One audience member questioned whether cuts alone could lift Missouri from its economic doldrums. “Certainly I can appreciate the need to curtail spending. But, ultimately, you can’t save your way to prosperity,” he said. “I just want to know what exactly you are going to do help the job picture.”

Bahr responded that small businesses create jobs, not the government. “If we raise taxes and pull money out of the economy, we don’t grow the economy,” he said.

Rupp said the state used to be a great manufacturing force, but that manufacturing was no longer the driving force of the economy, and Missouri needs to adapt more of its tax-credit policy.

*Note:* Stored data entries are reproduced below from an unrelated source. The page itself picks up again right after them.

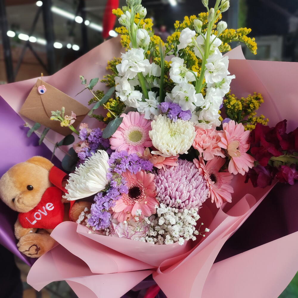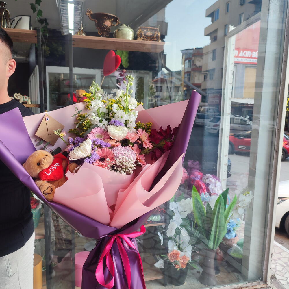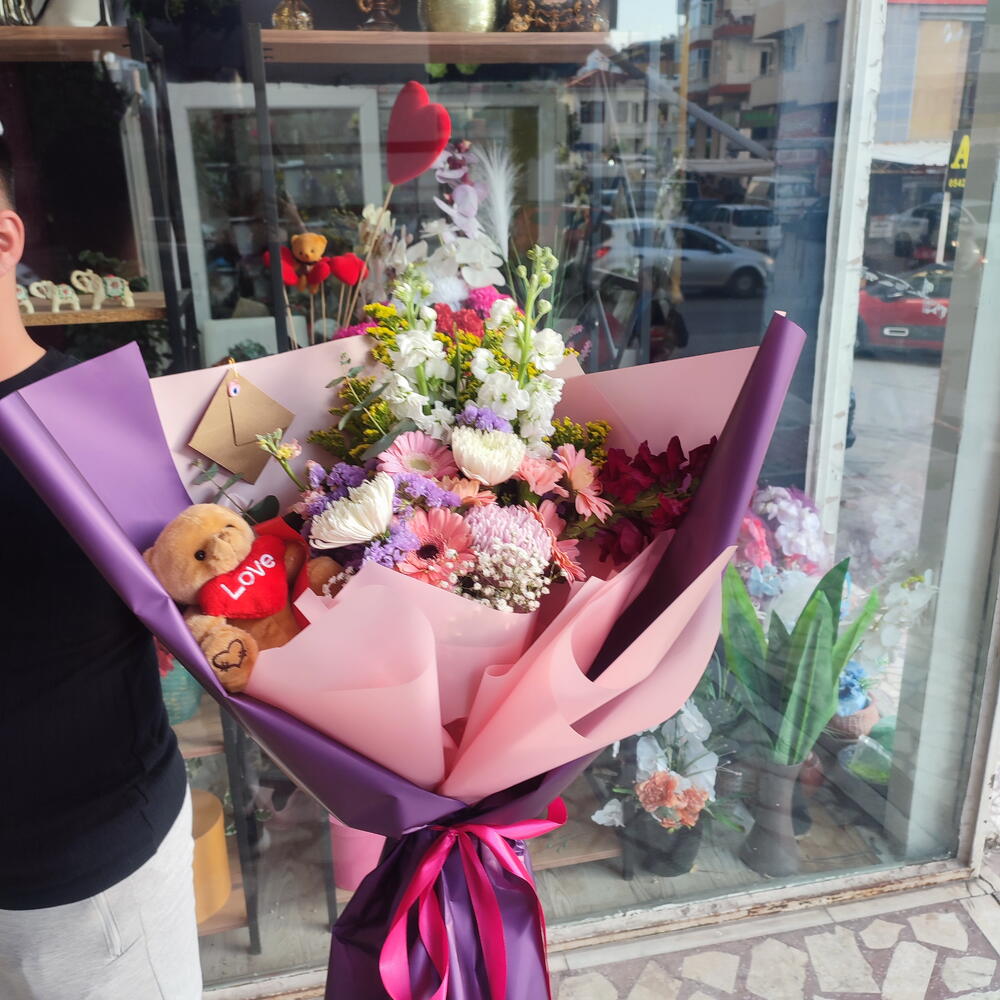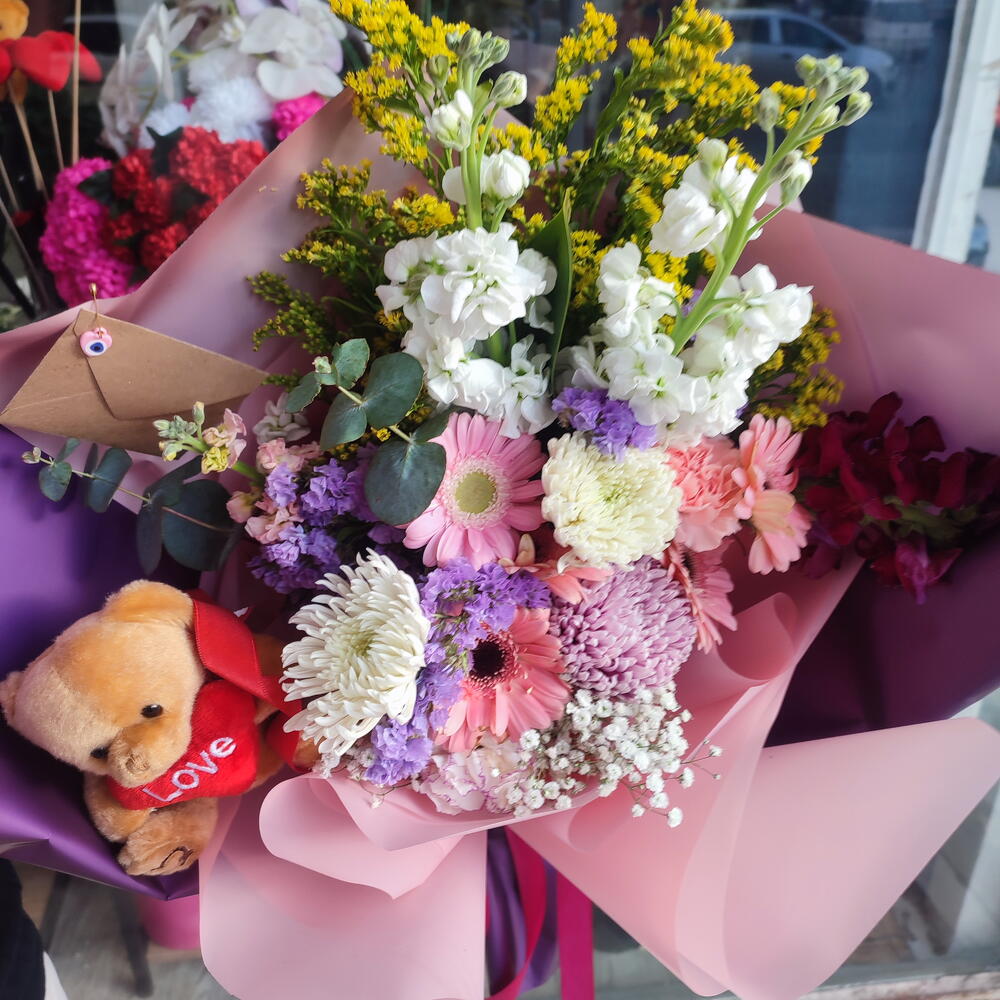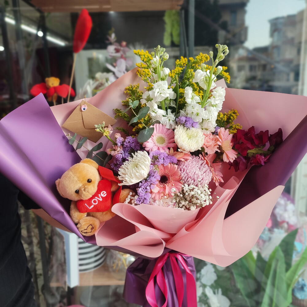 mini gerbera - 5 adet anastasia - 3 adet şebboy - 2 adet okaliptüs dalı - 3 adet cipso çiçeği - 11 adet karanfil somon renkli - 5 adet aslan ağzı çiçeği - 1 adet limonium sinuatum purble - 5 adet solidago nemoralis yellow - 3 adet teddy bear-oyuncak peluş ayıcık - 1 adet
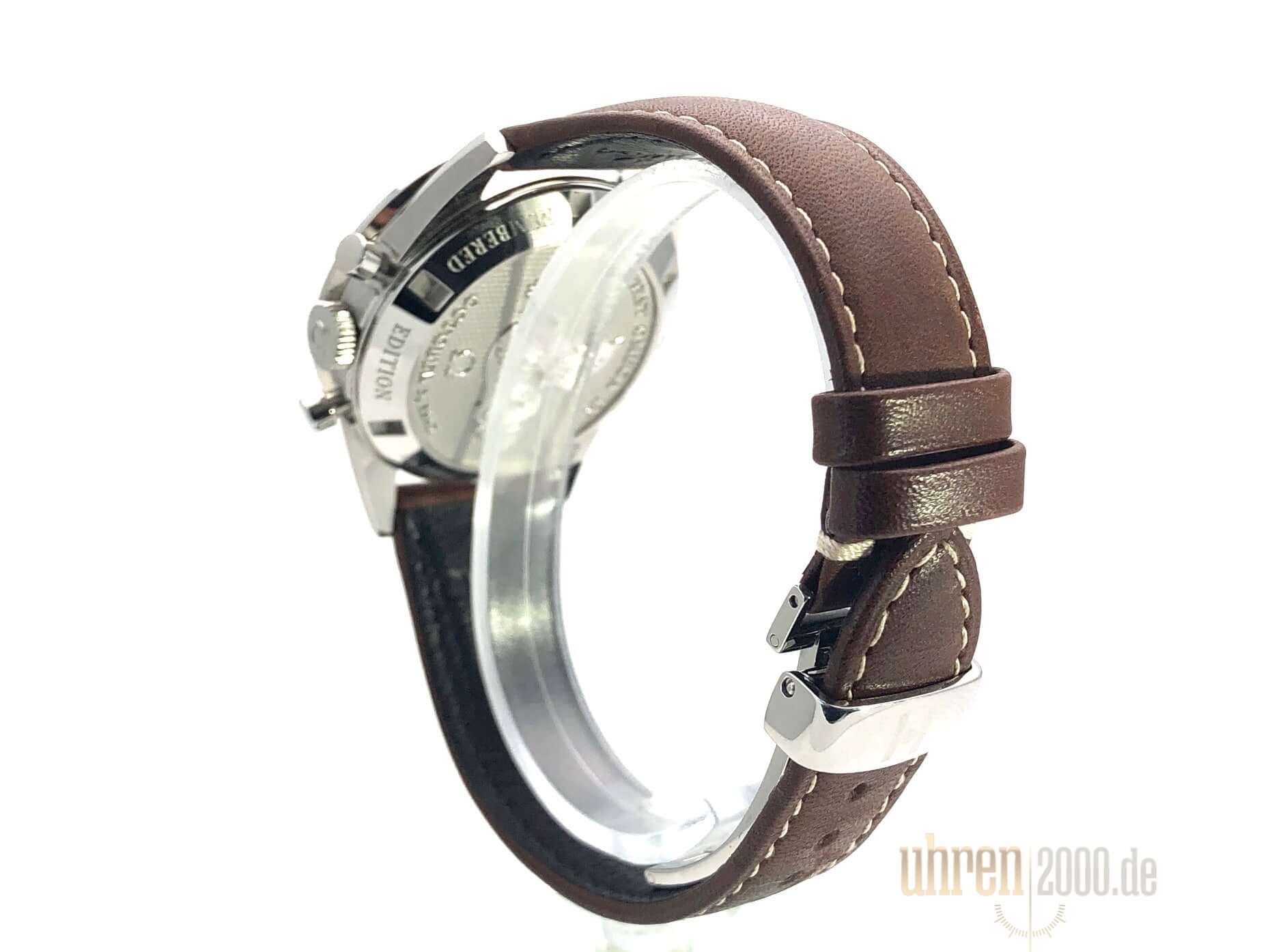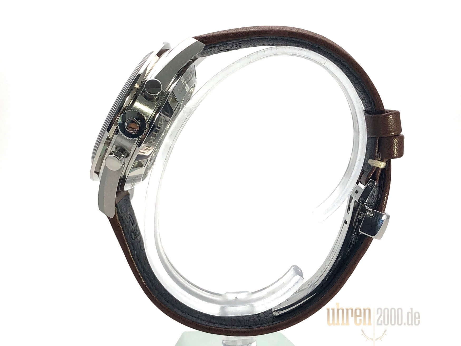Gehäuse aus Edelstahl poliert und satiniert, Gehäusedurchmesser 39,70 mm, Edelstahl Lünette schwarzer Tachymeter Einlage, braunes Lederband mit Faltschließe (Aftermarket), Saphirglas, Handaufzugswerk mit 48 Stunden Gangreserve, Werk Omega Kaliber 1861, schwarzes Zifferblatt mit Strichindizes, Limited Edition, Wasserdicht bis zu 5 bar.
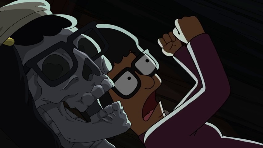 Bob's Burgers has consistently had a Halloween show every year since series 3. In a show where the characters never age, I suppose that means they've celebrated the same exact Halloween many different times. That would explain why Louise gets scared in the Haunted House at Wonder Wharf in "Nightmare on Ocean Avenue Street" after complaining that haunted houses aren't scary in "The Hauntening". In any case, you can always count on this show for a decent holiday episode, making it a mainstay of my Hallo-week since I started watching the show in 2017. Unlike some other shows, which take the opportunity to dispense with their mainline canon and remake old monster movies or something, Bob's Burgers fits its Halloween specials in with its mainline canon. However, unlike during the normal shows, things that happen on Halloween, Thanksgiving, Christmas, or Valentine's never recur, since technically the Belchers keep doing the same year over and over again, therefore "Full Bars" occurs in the same space at the same time as "Pig Trouble in Little Tina", which occurs simultaneously with "Fort Night", which occurs simultaneously with "Heartbreak Hotel-oween". You get it.

“We need to play to our strengths. We are the leader in plant-science issues all over the world,” he said. “These are the new jobs, the high-tech science jobs of the future.” Rupp said the state should also focus on higher education and the financial services industry, in which Missouri is also a national leader.

Schneider detailed a plan, working with the Department of Revenue, for the state to begin collecting sales tax at point-of-sale, rather than the current standard of business owners submitting payments up to 30 days after. She said the state has faced as much as $125 million in sales tax delinquencies throughout the past five years and is then forced to spend additional money in legal fees and collection fees.

“We’re about this close to making it happen,” she said, eyeing the end of the year for possible passage of the legislation. Schneider, a house representative since 2003, added that she hoped to run for state senate “in the next couple years.”